# Using Word Vectors

## Imports and English model

In [1]:
import spacy
import numpy as np

For this notebook we are using the default English corpus of spaCy that includes a relatively small model (see https://spacy.io/models/en for details):

In [2]:
nlp = spacy.load('en')

## Word vectors

Here is a set of words related to animals:

In [3]:
animals = 'horse cat kitten puppy dog mouse pony'
tokens = nlp(animals)

`tokens` is an iterator of tokens, let's grab the horse token:

In [4]:
horse = tokens[0]

Here is the actual word the token points to:

In [5]:
str(horse)

'horse'

The main idea of word vectors is that for each word, there is a corresponding 1d vector (a NumPy array). These word vectors encode information about the meaning of the word and its function in sentences. Here are the first 10 elements of the word vector for *horse*:

In [6]:
horse.vector[0:10]

array([-1.19629192,  3.07423615, -1.23166108,  0.56064409, -0.5370236 ,
        2.51031804, -3.66074538,  1.92708302,  1.98932076,  2.73977804], dtype=float32)

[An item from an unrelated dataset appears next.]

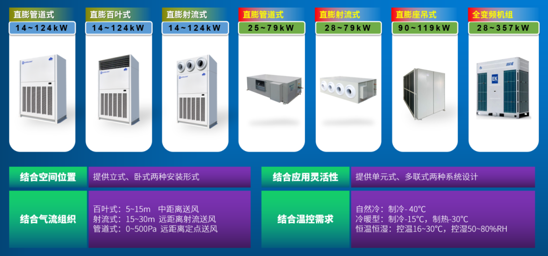 EK新(xīn)一代綠色工廠工業(yè)多聯解決(jué)方案,具有立式、臥式兩(liǎng)種安(ān)裝形式,提供百葉式、射流式、管道式多樣化送風形式,結合應用靈活性提供單元式、多聯式兩種形式,產品包括自然冷型、冷暖型、恒溫恒濕型,涵蓋工業廠房溫控解決方案、工業變配電室解(jiě)決方案、工業倉儲解決方案。

Create a Python `dict` named `wordvecs` where the keys are the string names of the animals and the values are the `np.ndarray` word vectors:

In [7]:
animals = 'horse cat kitten puppy dog mouse pony'
tokens = nlp(animals)
wordvecs = {}
for token in tokens:
    wordvecs[str(token)] = token.vector

In [8]:
assert len(wordvecs)==7
assert set(animals.split(' '))==set(wordvecs.keys())
assert all(isinstance(v, np.ndarray) for v in wordvecs.values())

## Similarity

Write a function `vector_norm` that computes the $L_2$ vector norm:

$$
\left|\vec{v}\right| = \sqrt{ \sum_{i=0}^{n-1} v_i^2 }
$$

of a NumPy array. Don't use any `for` loops and don't use anything from `np.linalg`.

In [9]:
array_test = np.array([1,2,3,4,5])
array_test ** 2

array([ 1,  4,  9, 16, 25])

In [10]:
def vector_norm(v):
    """Compute the L2 norm of a 1d NumPy array v."""
    # YOUR CODE HERE
    l2 = np.sum(v ** 2) ** .5
    return l2

Your `vector_norm` function should pass these tests:

In [11]:
a = np.linspace(0,10.0,10)
assert np.allclose(vector_norm(a), np.linalg.norm(a))
assert np.allclose(vector_norm(np.array([1,0])), 1.0)
assert np.allclose(vector_norm(np.array([1,1])), np.sqrt(2.0))

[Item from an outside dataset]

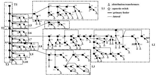 Taipower’s overhead feeder LY37, shown in Figure 8, was used for a computer simulation of lateral phase swapping in this section to balance the primary feeder, to illustrate the proposed MILP-based phase-swapping strategy. The total length of the 11 kV feeder is 5.7 km to serve the mixed loadings of industrial and residential customers. It consists of three service zones (T1, T2, and T3) on the primary trunk and nine service zones on the laterals with 103 units of OYD transformers and 58 units of 1-φ transformers to provide power service to >1000 low-voltage customers and 2 high-voltage customers. The three-phase unbalance problem diminishes service reliability and increases power loss (as mentioned in Section 2) because of the usage of many single-phase and OYD transformers in the feeders. The phase-swapping strategy for laterals and distribution transformers was derived using the MILP model to reduce the neutral current and annual energy loss.

Write a function `inner_product` that computes the dot or inner product:

$$
\vec{v} \cdot \vec{w} = \sum_{i=0}^{n-1} v_i w_i
$$

of two NumPy arrays. Don't use any `for` loops and don't use `np.dot`.

In [12]:
def inner_product(v, w):
    """Compute the inner/dot product of two 1d NumPy arrays v, w."""
    # YOUR CODE HERE
    inner = np.multiply(v,w)
    v_dot_w = np.sum(inner)
    return v_dot_w

Your `inner_product` function should pass these tests:

In [13]:
assert np.allclose(inner_product(np.array([0,1]),np.array([1,0])), 0.0)
assert np.allclose(inner_product(np.array([1,0]),np.array([1,0])), 1.0)
assert np.allclose(inner_product(np.array([1,2]),np.array([3,4])), 11)

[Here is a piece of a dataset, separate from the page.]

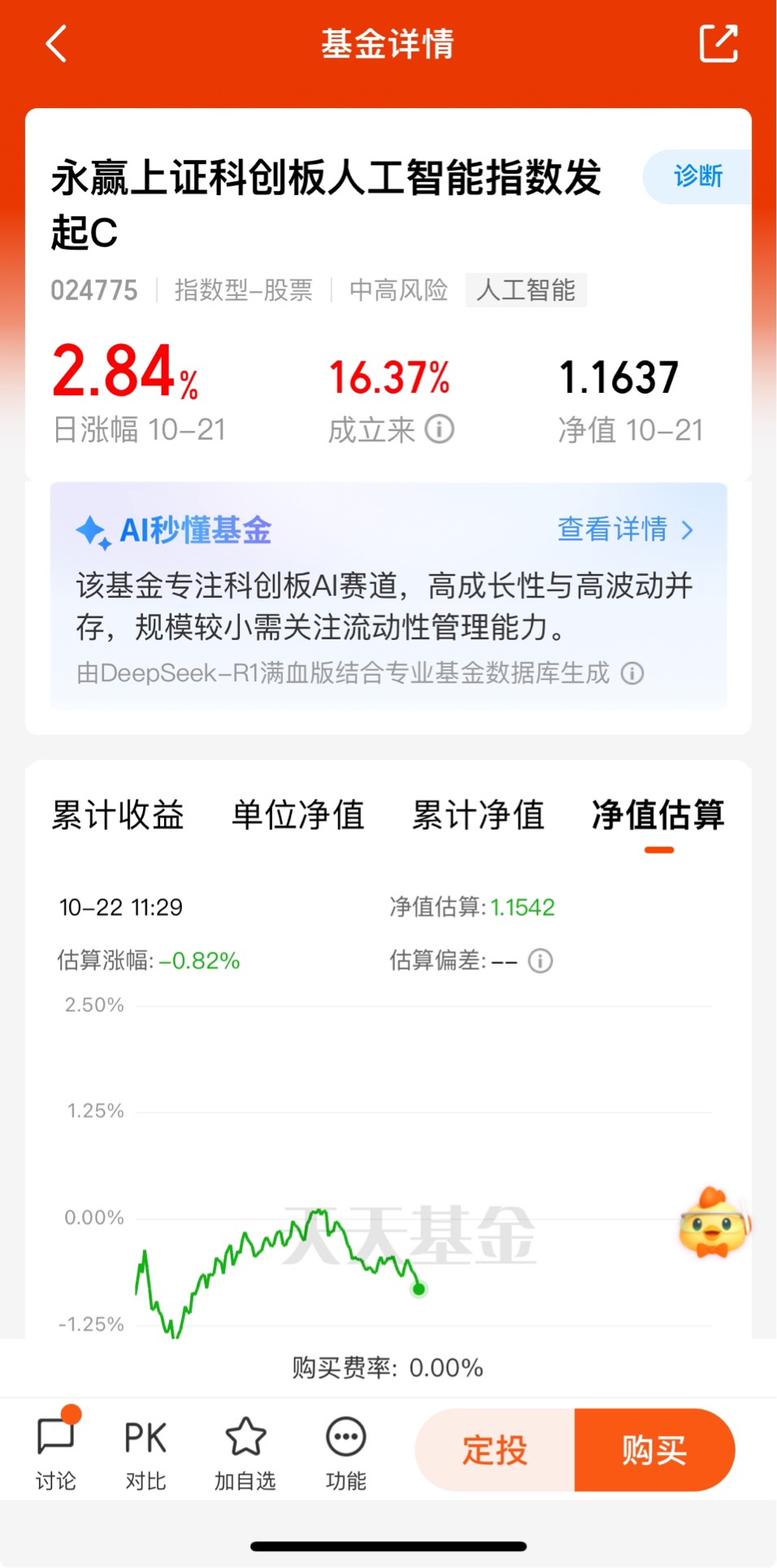 $永赢上证科创板人工智能指数发起C$昨天收2.84%,希望行情稳住哈,继续拉涨起

Once you have represented different entities, such as words, as vectors, it is often useful to have a measure of how similar two vectors are to each other. For example, from a language and meaning perspective, we would expect *dog* and *puppy* to be more similar than *shark* and *kitten*. One common way of measuring this type of similarity is the [cosine similarity](https://en.wikipedia.org/wiki/Cosine_similarity), which is defined as follows:

$$
S(\vec{v}, \vec{w}) = \frac{\vec{v}\cdot\vec{w}}{\left|\vec{v}\right|\left|\vec{w}\right|}
$$

Write a function `similarity`, that computes the cosine similarity of two vectors that are 1d NumPy arrays. Use the above `inner_product` and `vector_norm` functions.

In [14]:
def similarity(v, w):
    """Compute the cosine similarity of two 1d NumPy arrays v, w."""
    # YOUR CODE HERE
    similiarity = inner_product(v,w) / (vector_norm(v) * vector_norm(w))
    return similiarity

We can now compute the similarity between different pairs of words:

In [15]:
similarity(wordvecs['horse'], wordvecs['pony'])

0.36603757321214497

In [16]:
similarity(wordvecs['kitten'], wordvecs['puppy'])

0.37314380206073866

These results are a bit confusing: you might think that *horse* and *pony* would be more similar than *kitten* and *puppy*. This particular corpus of word vectors is rather small and as a result is not particularly accurate. More accurate sets of word vectors are available with spaCy, but they take more memory.

Notice that words should have a self-similarity of `1.0`:

In [17]:
similarity(wordvecs['cat'], wordvecs['cat'])

1.0

Your `similarity` function should pass the following tests:

In [18]:
for k, v in wordvecs.items():
    assert np.allclose(similarity(v,v), 1.0)
assert np.allclose(similarity(wordvecs['horse'], wordvecs['pony']),0.36603758)
assert np.allclose(similarity(wordvecs['kitten'], wordvecs['puppy']),0.37314379)

## Finding similar words

Write a function `most_similar` that takes a single word (like `puppy`) and the `dict` of word vectors (whose keys are word and values are corresponding word vectors) and returns the word in the word vector set that is most cosine-similar to `word` (other than the word itself). Return a tuple of the matched word and its cosine similarity.

In [19]:
def most_similar(word, wordvecs):
    """Find the most similar word in wordvecs to the input word.
    
    Parameters
    ==========
    word : str
        A single input word.
    wordvecs : dict
        A dict whose keys are words and values are word vectors.
    
    Return
    ======
    (word, similarity)
    """
    # YOUR CODE HERE
    biggest_value = 0
    biggest_key = ""
    for key in wordvecs:
        if key == word:
            continue
        else:
            cos_sim = similarity(wordvecs[word], wordvecs[key])
            if cos_sim > biggest_value:
                biggest_value = cos_sim
                biggest_word = key
    return (biggest_word, biggest_value)

Here we see that *mouse* is the most similar word to *horse* (which is silly, but expected given this small dataset).

In [20]:
most_similar('horse', wordvecs)

('mouse', 0.51169699114944167)

Find a list of the most similar words to all the words in the word vector set. Save your list in a variable named `matches`:

In [21]:
# YOUR CODE HERE
matches = []
for key in wordvecs:
    matches.append(most_similar(key, wordvecs)[0])
    

Your `most_similar` function should pass the following test:

In [22]:
match = most_similar('horse', wordvecs)
assert match[0]=='mouse'
assert np.allclose(match[1], 0.51169699)
assert matches==['mouse', 'mouse', 'mouse', 'dog', 'mouse', 'dog', 'mouse']